- Cantt Sulehrian
- Chowni Sulehrian Location within Pakistan
- Coordinates: 32°26′35.37″N 74°33′30.89″E﻿ / ﻿32.4431583°N 74.5585806°E
- Country: Pakistan
- Province: Punjab
- Named for: Establishing Cantonment

Government
- • MNA: Chaudry Armaghan Subhani (PML-N)
- • MNA: Chaudry Armaghan Subhani s/o Chaudry Abdul Sattar

Area
- • Total: 1.59 km^{2} (0.61 sq mi)
- Elevation: 256 m (840 ft)

Population (2017)
- • Total: 3,671
- • Estimate (2024): 4,700
- • Density: 2,302/km^{2} (5,960/sq mi)
- Demonym: Chowni walay
- Time zone: UTC+5
- 51310: 51310
- Calling code: 052

= Chhowni Sulehrian =

Human settlement in Pakistan

Chowni Sulehrian is a village within Sialkot Tehsil of Sialkot District, in Punjab Province, Pakistan. The population is 3,671, according to the 2017 Population Census by the Pakistan Bureau of Statistics, comprising 1,821 males, 1,843 females, and 7 transgender individuals. The literacy rate is 70.41%, with males at 72%, females at 68.90%, and transgender individuals at 77.78%.

The educational landscape of Chowni Sulehrian is characterized by a majority having primary but below matric education, with 631 males and 506 females. Those with matriculation but below other qualifications include 270 males, 352 females, and 4 transgender individuals. 53 males, 109 females, and 2 transgender individuals have attained degrees. Additionally, one male has attained a PhD.

Religiously, the village is predominantly Muslim, with 3,621 adherents, while a small minority of 50 individuals identify as non-Muslim.

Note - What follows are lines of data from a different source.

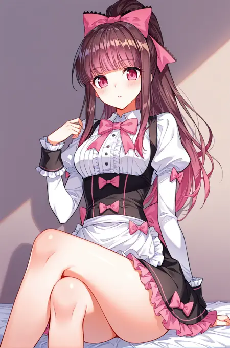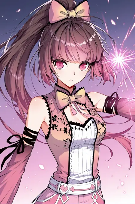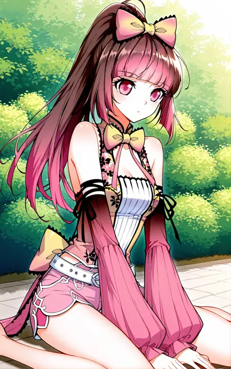Tang2, 1 girl, solo, pink eyes, long hair, reddish brown hair, pink tips, high ponytail, hair bow, blunt bangs, hair ornament, pink bow,
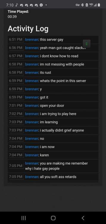 Offender: brennan Steam ID: 76561199068001338 Battlemetrics: 978260074 Server: US Survival Time: 1907 PM HST Length: Permanent Reason: Harassment, feining ignorance, homophobic remarks Other: Player joined the server and harassed other players. Feining ignorance even as other players attempted to remind him of the rules. Player then defamed other players with homophobic and other sensitive remarks.
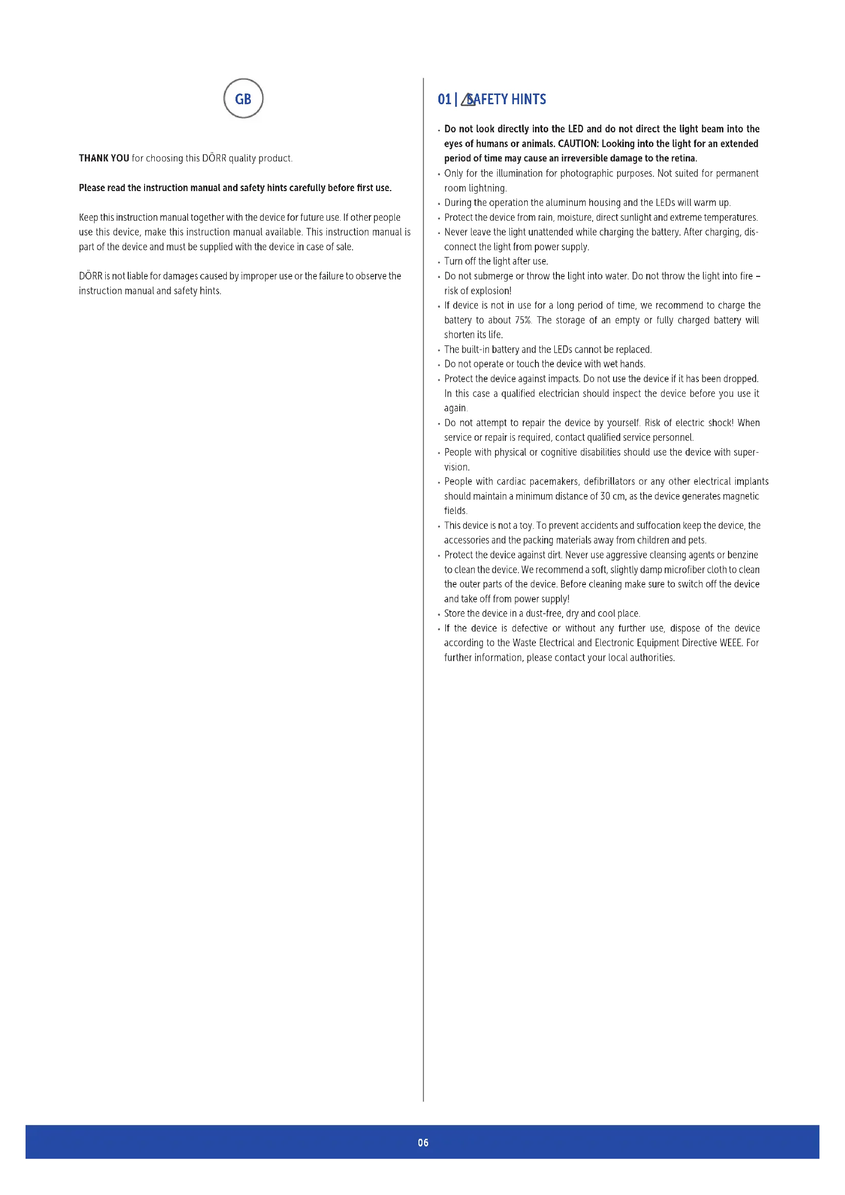 THANK YOU for choosing this DÖRR quality product. Please read the instruction manual and safety hints carefully before first use. Keep this instruction manual together with the device for future use. If other people use this device, make this instruction manual available. This instruction manual is part of the device and must be supplied with the device in case of sale. DÖRR is not liable for damages caused by improper use or the failure to observe the instruction manual and safety hints. 01 | SAFETY HINTS
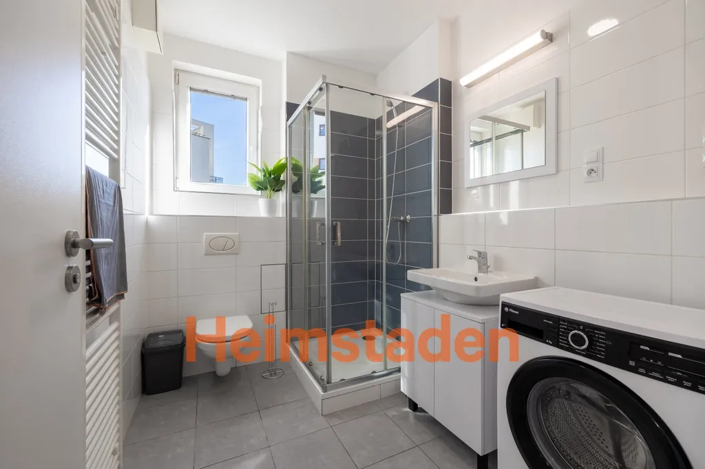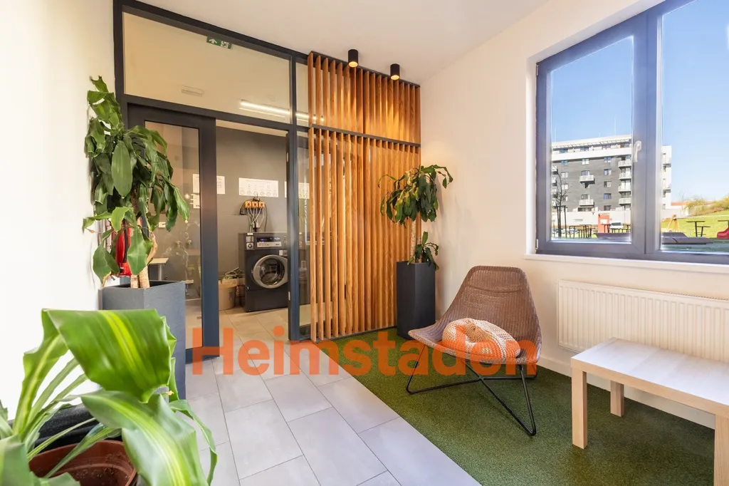 Koupelna disponuje vlastní pračkou. V přízemí domu je zároveň k dispozici společná prádelna s další pračkou a sušičkou za poplatek. Dům je vybaven výtahem a je zde možnost pronájmu garážového stání.
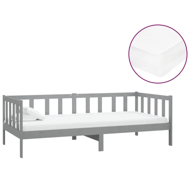 vidaXL Dnevna postelja z vzmetnico 90x200 cm siva trdna borovina
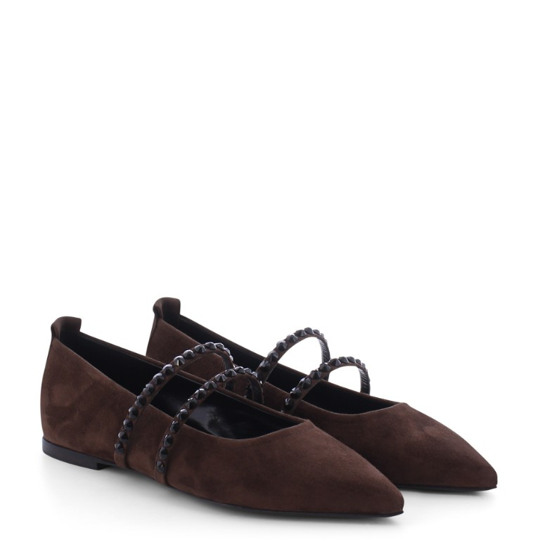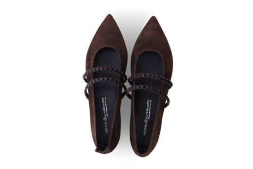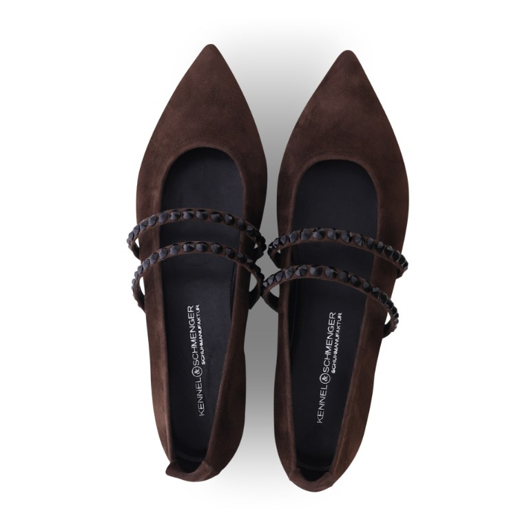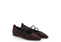 Beautiful pointed flat by Kennel & Schmenger with swarovski crystals on a double strap. Chocolate suede perfect for this season
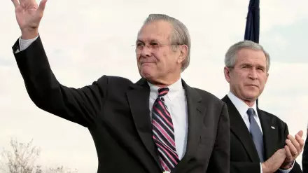 Дональд Рамсфелд родился в Чикаго в 1932 году. За время своей карьеры он возглавлял Пентагон дважды – с 1975 по 1977 год в администрации Джеральда Форда и затем с 2001 по 2006 год при Джордже Буше. Рамсфелд, начавший карьеру на флоте, затем ушел в политику и работал в Конгрессе. Завершение его карьеры на посту министра обороны прошло на фоне скандала вокруг пыток заключенных в американских тюрьмах по всему миру.
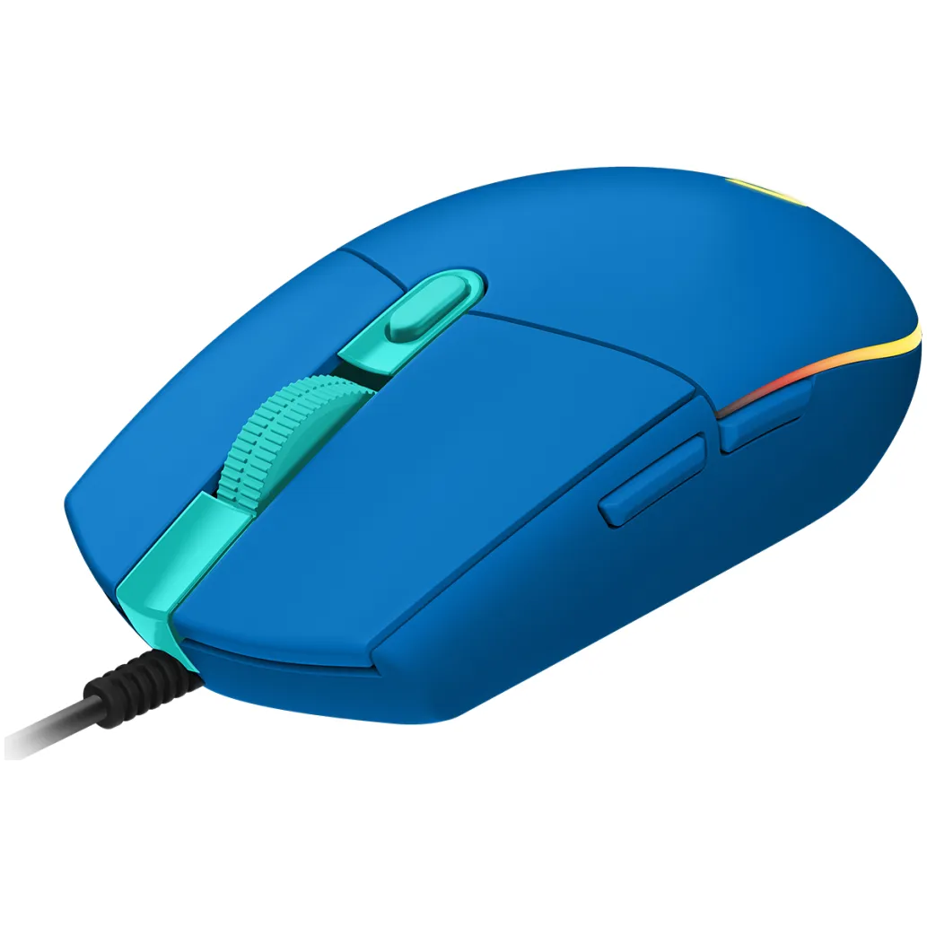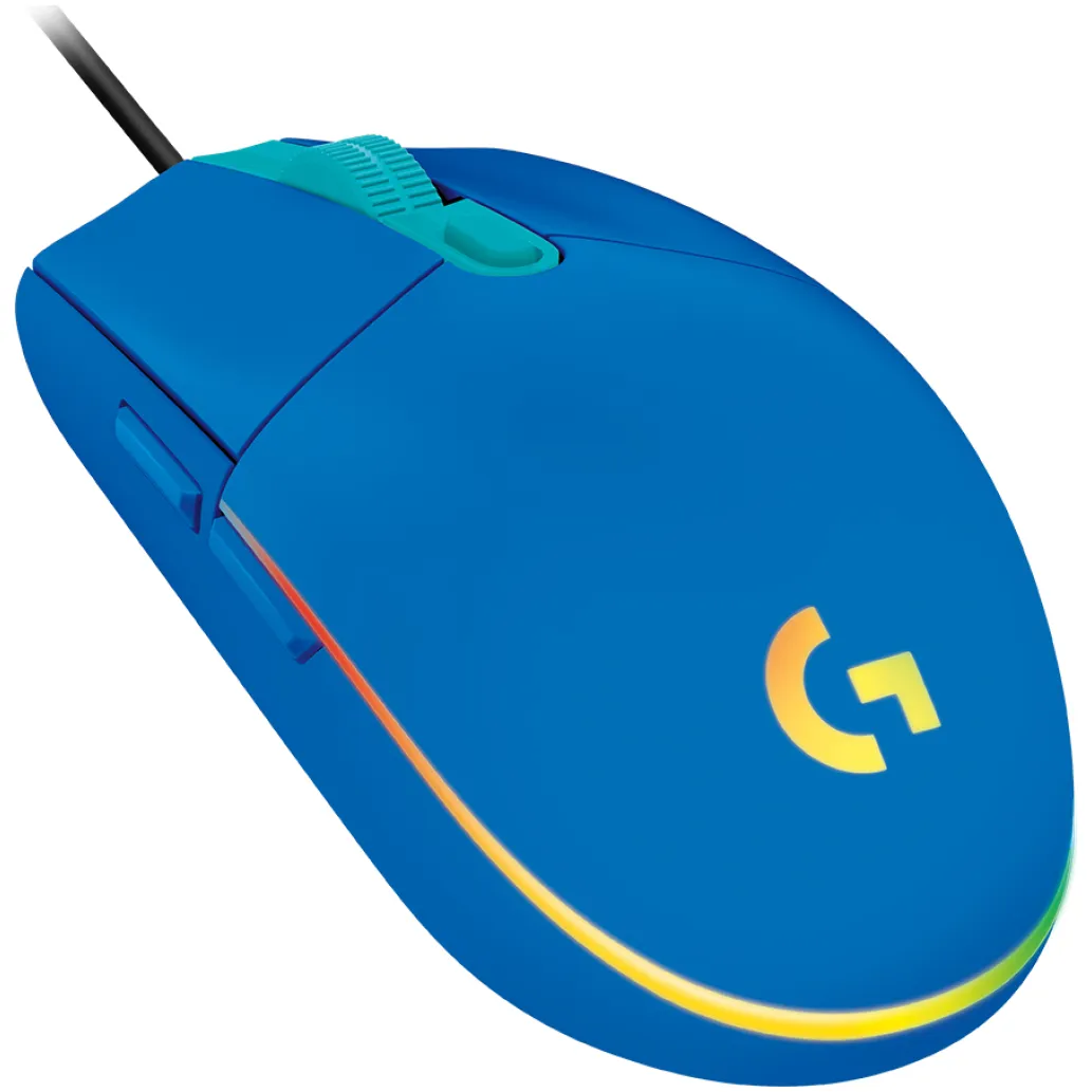 Logitech G G203 LIGHTSYNC. Vmesnik naprave: USB Type-A, Ločljivost gibanja: 8000 DPI, Odzivni čas: 1 ms, Tip gumba: Pritisnjeni gumbi, Število gumbov: 6, Vrsta drsenja: Kolesce. Barve osvetlitve: modra, zelena, rdeča. Vir napajanja: kabel. Barva izdelka: modra
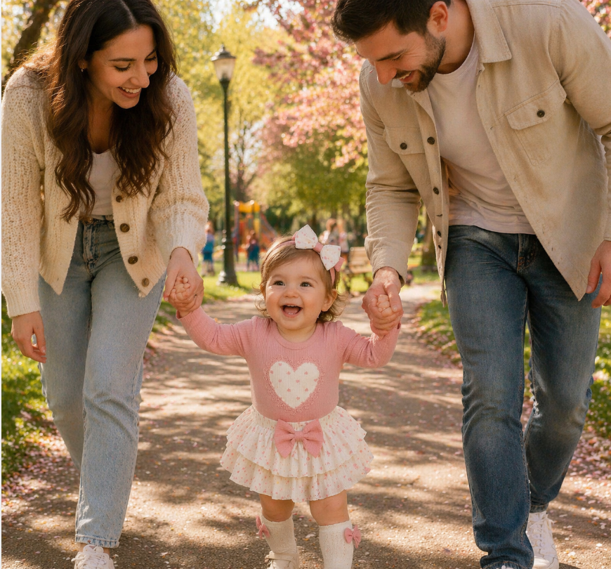 Set adorabil pentru fetițe, compus din body roz cu mânecă lungă și fustiță vaporoasă, perfect pentru ținute elegante sau de zi cu zi. Body-ul este realizat din material moale, ribbed, cu aplicație în formă de inimă, oferind confort maxim și un look delicat.

The age distribution reveals that 2,808 individuals are over 10 years old, 2,050 are over 18 years old, and 278 are seniors over 60 years old. The workforce, comprising individuals over 10 years old, numbers 953, and 1,732 residents over 18 years old hold a CNIC.

Spanning an area of 394 acres, Chowni Sulehrian is equipped with a basic health Unit, a government hospital, a private hospital, and an animal hospital, all of which cater to the medical and health needs of the village and surrounding rural areas. Educational facilities include a combined government secondary school for both boys and girls, although it currently faces resource and faculty shortages. The village also houses a post office.

Politically, Chowni Sulehrian played a role in the 2024 general elections, where an independent candidate supported by PTI won from this village with 73 votes, while the overall constituency was won by PMLN. Geographically, the village is strategically located on Sialkot Pasrur Road, opposite the Gold Panel Group Company, with the postal code 51310. The village has recently seen industrial growth, with several industries being established in the area, accompanied by the development of a link road to the village.